Alternatively, whole-function-in-a-catch-block would help the Ok(()) issue, so it would be cool if the catch syntax could be something that would work at the block-for-the-function level. Non-serious proposal for illustrative purposes: fn four<E>() -> Result<i32, E> Âż{ 4 }, or the above would be Âż{ foo()?.bar()?.baz()? }

Also, is there a way that throw can be reserved inside a catch block, so that an attempt to add that sugar later won’t hit similar grammar problems?

Perhaps we should reconsider some of the keywords that are not ambiguous, e.g.:

do {
    foo()?.bar()
}
1 Like

So what does the Language Team think about having crates declare language version they are targeting?

3 Likes

If a language version (target) is introduced I believe it should be crate specific, aka mixing crates using different language versions should be fine. I would even consider making it module! specific (or having some major.minor scheme where all modules in the same crate have to have the same major lang version, but possible different minor lang versions)

I think such a language version should be for some new features which introduce some syntactical only breaking changes . Also this could be extended in "some" degree to API changes, as long as this won't lead to incompatibilities with existing libraries using a older language version. Note that I mainly mean incomparability of using older libraries in libs/progs using a newer language version. I think the other way around it is fine as long as the library still can be used, through maybe not some of it's part's (e.g. parametrized modules or some other strange, but probably use full, thinks).

This can be used to introduce keywords which change crate/module/function internal aspects only, like catch. This could also be used to "phase out" some other part's, which else wise would, at most, generate warning, e.g. maybe the (in the future) old macro system (<- not completely sure about this myself).

Through I think it should not be called language version we already have a language version i.e. the rust(c) version. Maybe some think like syntax version might be a better name (but then if might actually be a bit more then syntax...).

Oh and add syntax_version = <newest> to new crates and additionally make sure "nice" error messages are produced when accidentally colliding with "old" syntax versions.

Alternative a #[syntax_features=...] crate/module(/function?) level annotation can work too (including stable).

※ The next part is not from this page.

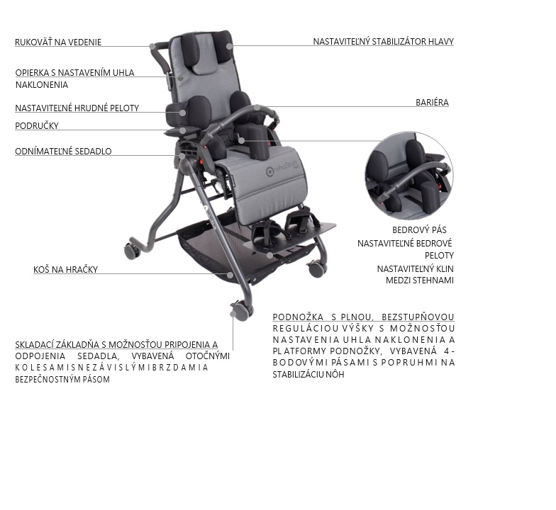 Reha Shift Pro™ , nie je len rehabilitačné kreslo, ale komplexné riešenie, ktoré umožňuje dieťaťu plnohodnotnejšie sa zapájať do každodenných aktivít, pričom zároveň poskytuje komfort a mobilitu.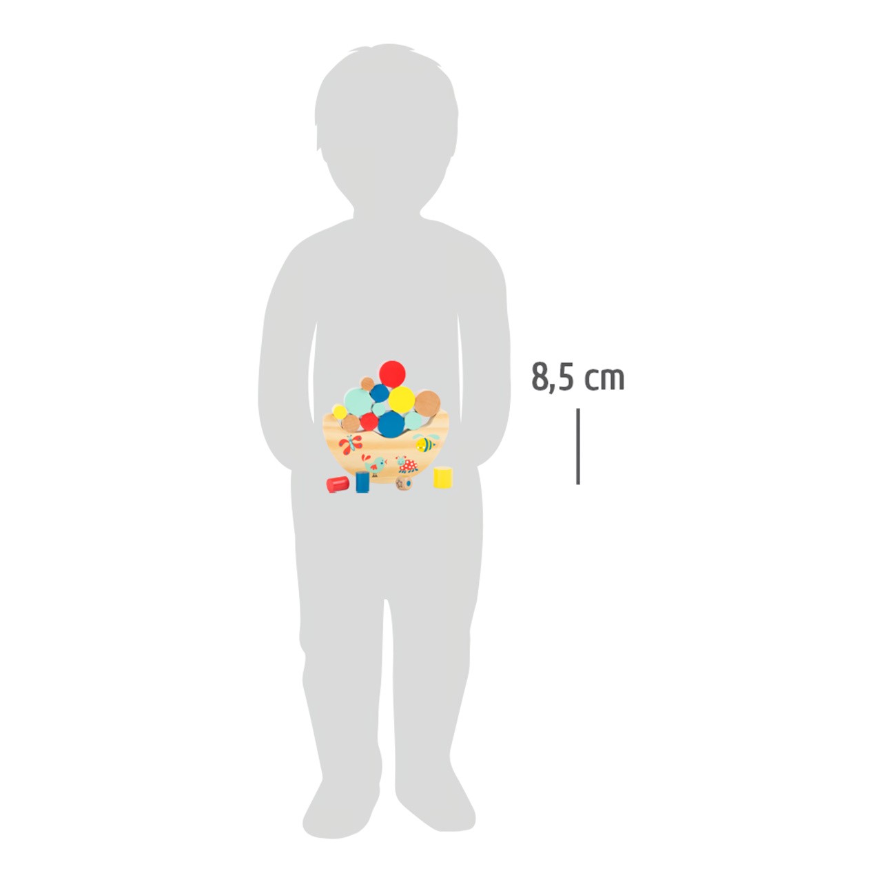 Rozměr: 14x2x8,5 cm Rozměr válečku: 3cm, Ø 2 cm Věk: 3+ Materiál: 100% FSC dřevo Celý popis

Lastly do catch { ... } is not "that" bad :slight_smile:

Probably worth linking to [pre-rfc] Stable features for breaking changes at this point since a good chunk of that thread has been discussing the idea of “epochs” as a way of introducing minor breaking changes such as making catch a keyword, and the details of that idea seem to fit the spirit of your post.

1 Like

Was a decision ever made on catch syntax? Did it just land as do catch for now?

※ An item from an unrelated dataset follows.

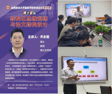 10月16日下午,7790CNM必发集团学术论坛第一百三十六期——博士论坛在7790CNM必发集团会议室顺利举办。本期论坛邀请了7790cnm必发集团工商学院(MBA教育中心)副院长,博士研究生导师齐永智教授为研究生们讲解“结构化思维训练与论文结构设计”。7790CNM必发集团青年骨干教师、全体研究生参与本次研讨交流,7790CNM必发集团副院长高进主持本次论坛。
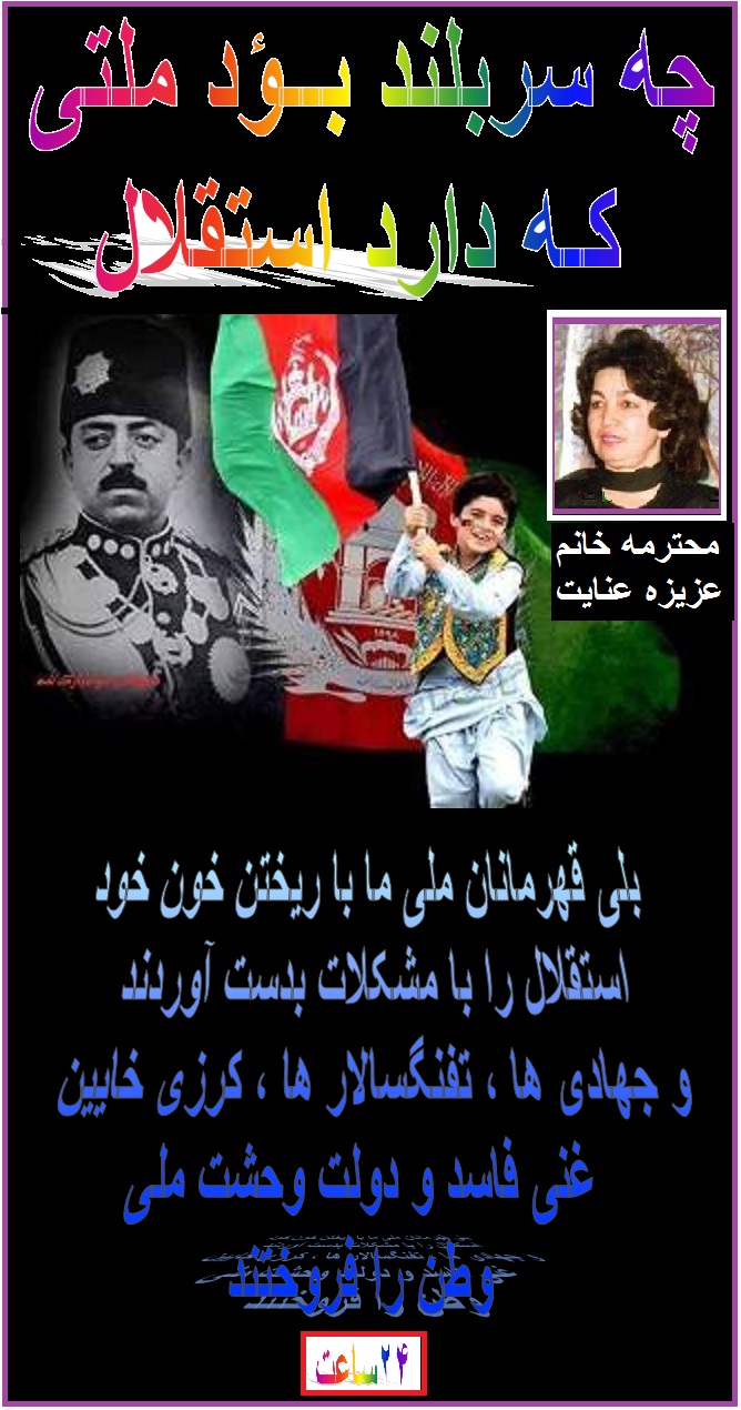 با کمال تأسف که وطن عزیز ما در چهار دهء اخیرهدف تجاوزات بیگانه ها ونوکران وطنفروش آنها گردیده است.هر روزی که میگذرد، وضع کشورمحبوب وهم میهنان مظلوم ما بدتر از روز قبل گردیده و هیچ دور نمای بهبودی تصور نمی شود.

For now. This is not meant to be a permanent solution.

How about reserving a big bunch of keywords, once and for all (i.e. catch, await, class, etc.). Ah, I see that you already had the idea: https://github.com/rust-lang/rust/issues/10293 - well, how about reopening that ?

Well, it’s a bit late now. =) I’d prefer to solve this permanently with the concept of epochs, which is exactly the sort of thing we were anticipating when we closed #10293. I think the reason I am not keen on reserving “a bunch of keywords” is that then we wind up picking keywords not based on whether they are the Right Keyword, but based on whether we happen to have reserved it. OTOH, the whole Epoch discussion hasn’t really reached consensus yet, and in particular it’s not clear how often we might want to declare a fresh epoch – if the idea is to do this very rarely, then perhaps it makes sense that, in the next epoch, we reverse course on #10293 and do indeed reserve a bunch of common keywords.